Monday, November 27, 2006

An Inconvenient Statistic

Lamest hurricane season in almost a decade.

Via Drudge:

Barring a last-second surprise from the tropics, the season will end Thursday with nine named storms, and only five of those hurricanes. This year is the first season since 1997 that only one storm nudged its way into the Gulf of Mexico.


Apparently Mother Nature decided to postpone her little Armageddon until maybe next year. Might be the year after. She's going through The Change, so who's to say when it'll happen. Anderson Cooper will have to wait a bit for another career-invigorating cataclysmic event.
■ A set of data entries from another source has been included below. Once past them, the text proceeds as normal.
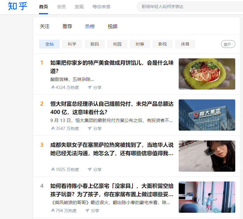 知乎值得一看的板块有很多,首先当然是实时更新的热榜话题,分享了最近讨论热度非常高的问题,并且可以按照科学、数码、影视等不同领域来筛选喜欢的内容。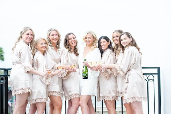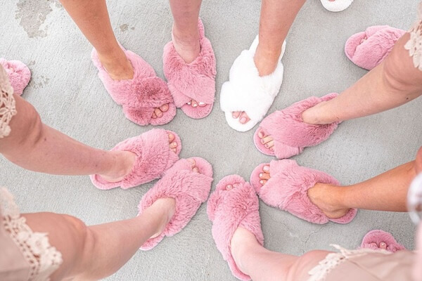 Our bride and the ladies started their day with bubbly, fuzzy slippers and lots of fun as they had hair and makeup services and got dressed.
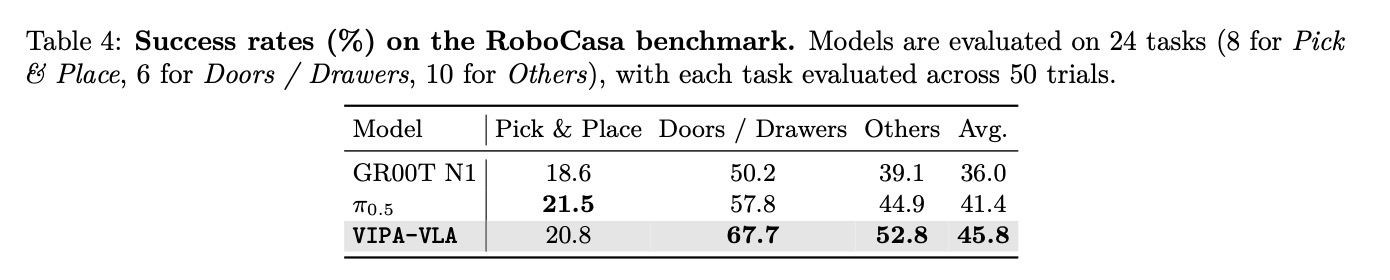 Results on RoboCasa. RoboCasa 실험에서는 3중 뷰 입력 구성을 채택하고 작업당 단 50개의 인간 시연만을 사용하여 VIPA-VLA를 훈련한다. Table 4에서 볼 수 있듯이, 다양한 RoboCasa 작업에 걸쳐 VIPA-VLA는 가장 우수한 전체 성능을 기록하며 멀티 뷰 관측 및 제한된 시연 데이터 하에서도 강력한 일반화 능력을 보여준다. 특히 정밀한 공간 로컬라이제이션이 필요한 Doors/Drawers 범주에서 상당한 개선(+9.9%)을 달성한다. 이러한 결과는 공간 인식 사전 학습이 모델에 더 신뢰할 수 있는 2차원-3차원 접지 능력을 부여하여, 기하학적으로 도전적인 환경에서도 정확한 공간 추론을 가능하게 함을 강조한다.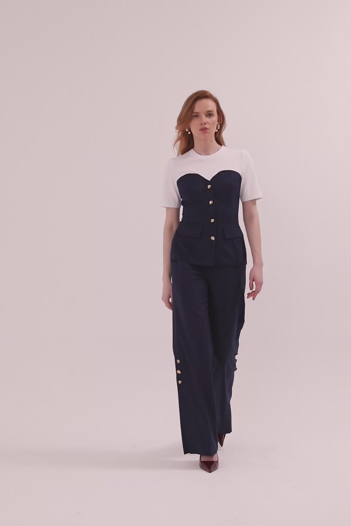 Çizgili Yarım Kol Bluz Ve Pantolon Takım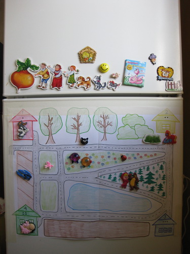 На нескольких листах белой бумаги нарисовала «Деревню» в упрощённом варианте: дорога, 4 дома разного цвета, парковка, поле (грядка), сад, лес, луг.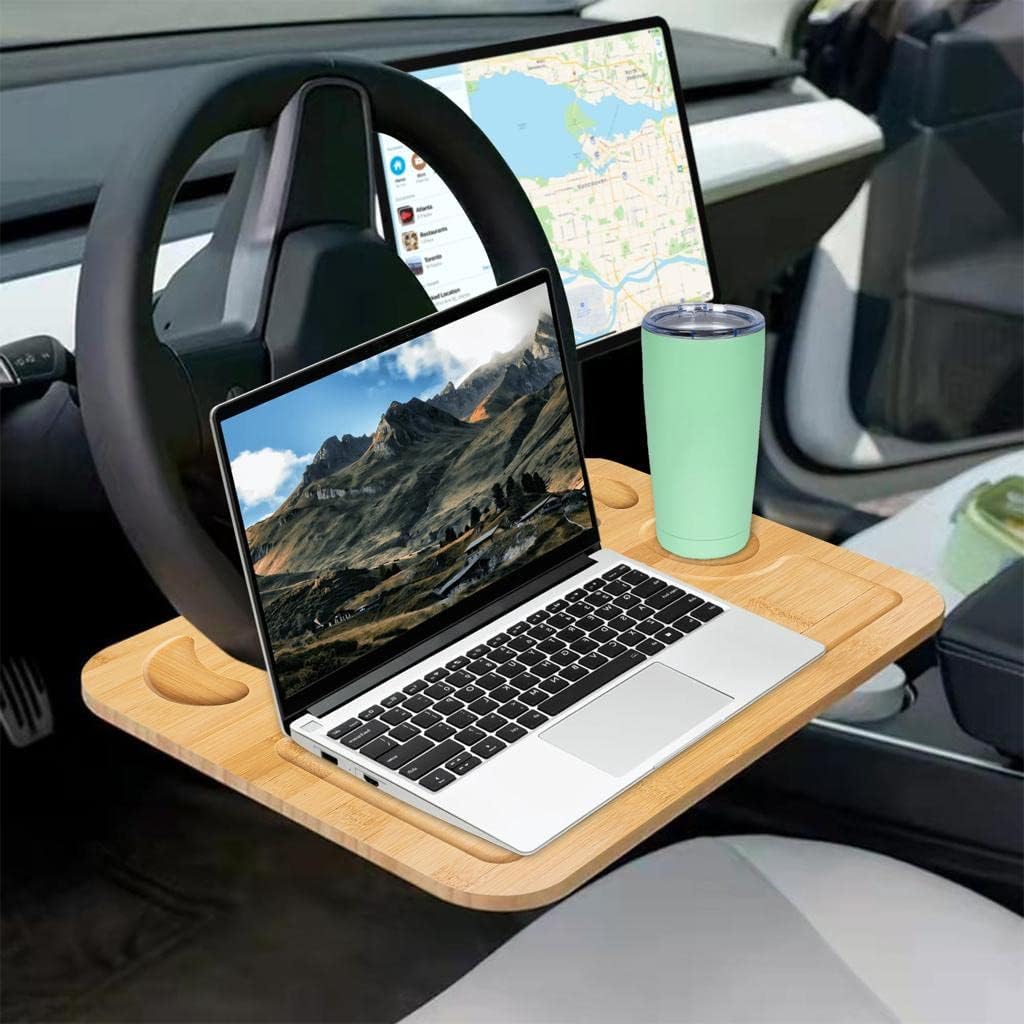 lebogner Steering Wheel Tray, Car Tray for Eating, Hook On Steering Wheel Desk for Food, Laptop and Car Accessories, Car Road Trip Must Haves Gadgets Car Table (Bamboo Wood)

But that's not what they said was it? Katrina and her cohorts of 2005 were supposed to be the harbingers of a growing global trend in more frequent and severe storms. The devastation of that year was just a precursor of what the human race was in for. Al Gore even made a movie about it.

.... So where is it? Where'd it go? Why did The Prophecy not come true?

Maybe it was Saharan dust. Maybe high pressure near Bermuda. Maybe El Nino. Point is, we don't know for sure. Was this quiet season just a fluke? Possibly. Will we see a repeat of 2005 in the next decade? Probably. Point is, we don't know for sure.

We do know one thing, however. And that is that we don't know shit. File that under "Things We Know We Don't Know." We can't predict what next year's hurricane season will be like...

What makes us think we can say with any certainty what the global climate will be like in 50 years?